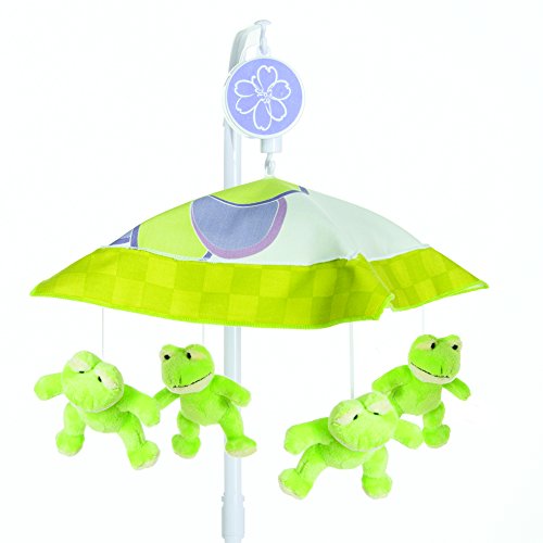 Fits crib rails up to 2 1/4 wide;Develops hand and eye coordination and visual tracking skills;Features 2 plush frogs that ribbit and 2 vintage dragonflies crafted from wooden clothespins
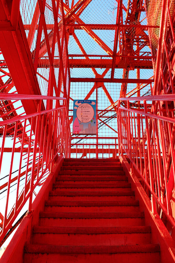 東京タワーでは 塔脚下のビル「フットタウン」の屋上から高さ150mまで続く、約600段のオープンエア外階段を開放しています!
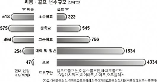스포츠마케팅 전문가들은 ‘팽창’하는 골프와 ‘고사’하는 씨름의 차이점을 ‘저변’과 ‘돈’에서 찾는다.
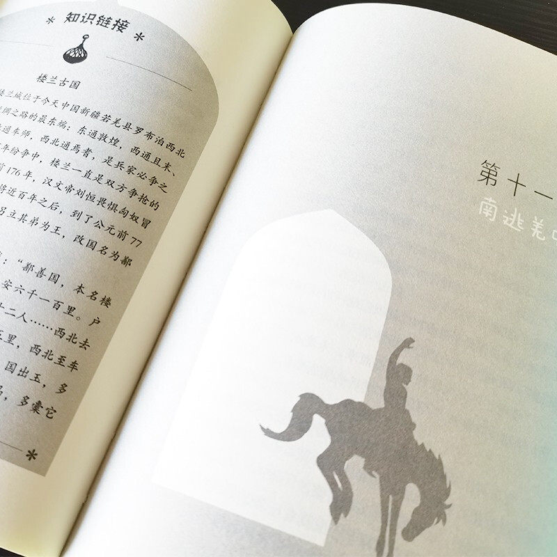 Эта книга представляет собой серию приключенческих историй, созданных известным писателем и исследователем детской литературы и исследователем Пенгом Ксулуо, с историческими событиями «Миссия Чжан Цянди в западные регионы» в качестве темы и включает в себя «встречу императора Ву из Хана», «Приключения гуннов», «Приключение Поплар -орела» и «Возвращение в город Чанган».11-летний мальчик Хук-маленький исследователь. Во время того, как он возился с «таинственными часами», оставленными ему его дедушкой, он волшебным образом отправился в далекую династию Западной Хань. Там он познакомился с Чжан Цянь, посланником династии Западной Хань, и Ган Фу, гида Xiongnu, и отправился с ними на миссию в западные регионы, лично переживая трудное путешествие Чжан Цянь, открывая шелковую дорогу. Автор использует удивительное воображение и конденсированный и мощный персонализированный язык, чтобы создать замечательное и вдохновляющее путешествие во времени и пространстве. Это не только позволяет молодым читателям понять трудный процесс, когда Чжан Цянь открывает шелковую дорогу, и встретить знаменитые исторические фигуры, такие как Чжан Цянь и Джаннена Шаньью, но также позволяет им понять уникальную топографию и рельефные формы пустыни Такламакан и популярных лесов. В то же время, по мере продвижения сюжета, молодые читатели пройдут по древним западным регионам, таким как Хук, Чжан Цянь и Ганфу, путешествуют по древним западным регионам, таким как Хунс, Чеши, Дейуан и Дейэжхи, и первоначально устанавливают географическую концепцию Шелковой дороги, которая вдохновляет сильный интерес к изучению дороги Силка.
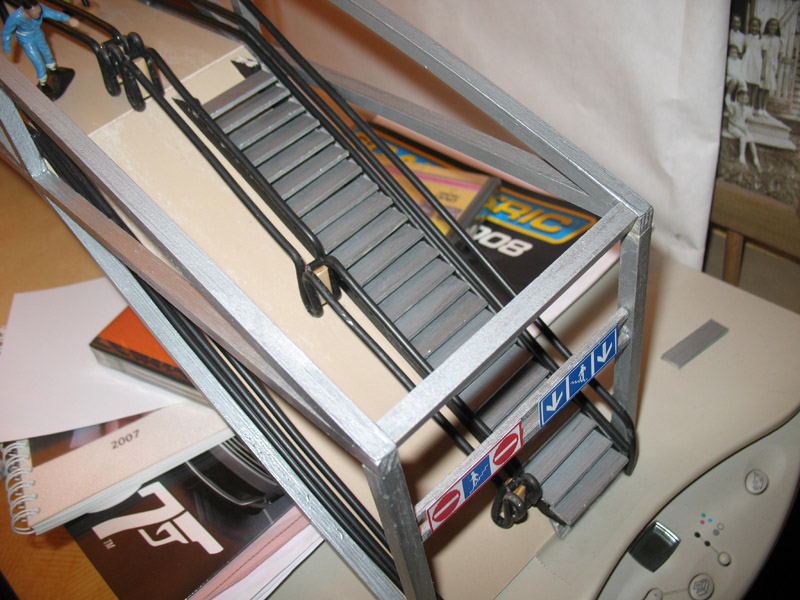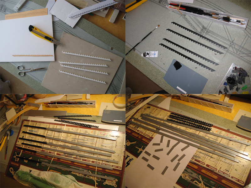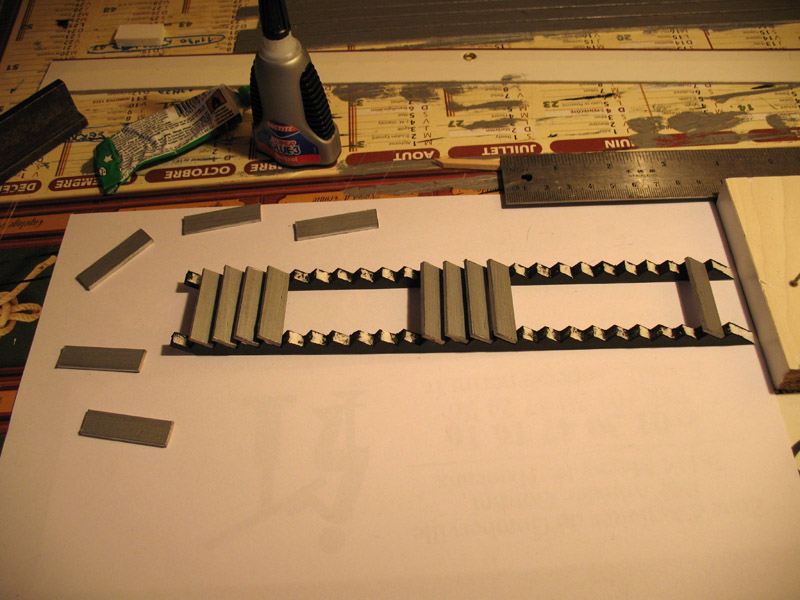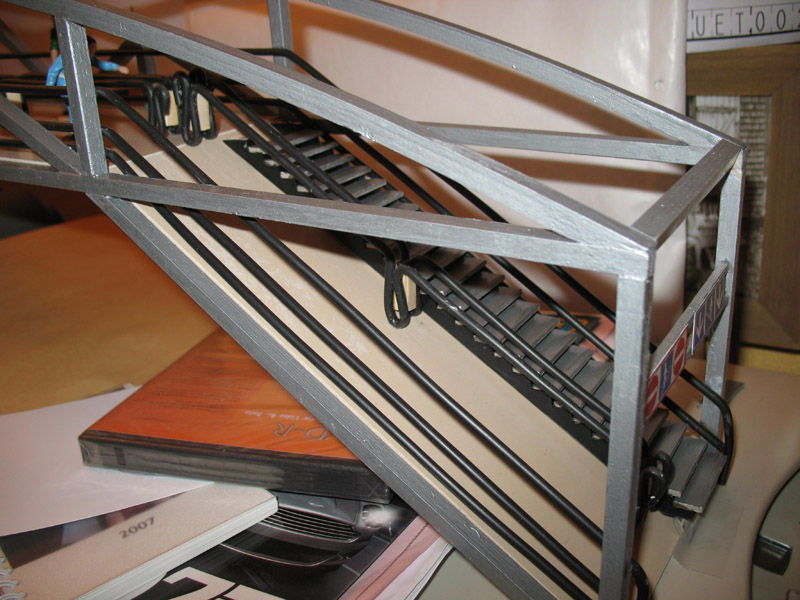 ) mise en peinture.... découpe bandes dans "calendars" avec sous couche noire et finintion alu....découpe des marches et début assemblage......
-.-.-
YOUR ASSIGNMENT
Give back the lines word for word, from the very first in the material above to the one that has "스포츠마케팅 전문가들은 ‘팽창’하는", both included, without the pictures.

OUTPUT BELOW
 Fits crib rails up to 2 1/4 wide;Develops hand and eye coordination and visual tracking skills;Features 2 plush frogs that ribbit and 2 vintage dragonflies crafted from wooden clothespins
 東京タワーでは 塔脚下のビル「フットタウン」の屋上から高さ150mまで続く、約600段のオープンエア外階段を開放しています!
스포츠마케팅 전문가들은 ‘팽창’하는 골프와 ‘고사’하는 씨름의 차이점을 ‘저변’과 ‘돈’에서 찾는다.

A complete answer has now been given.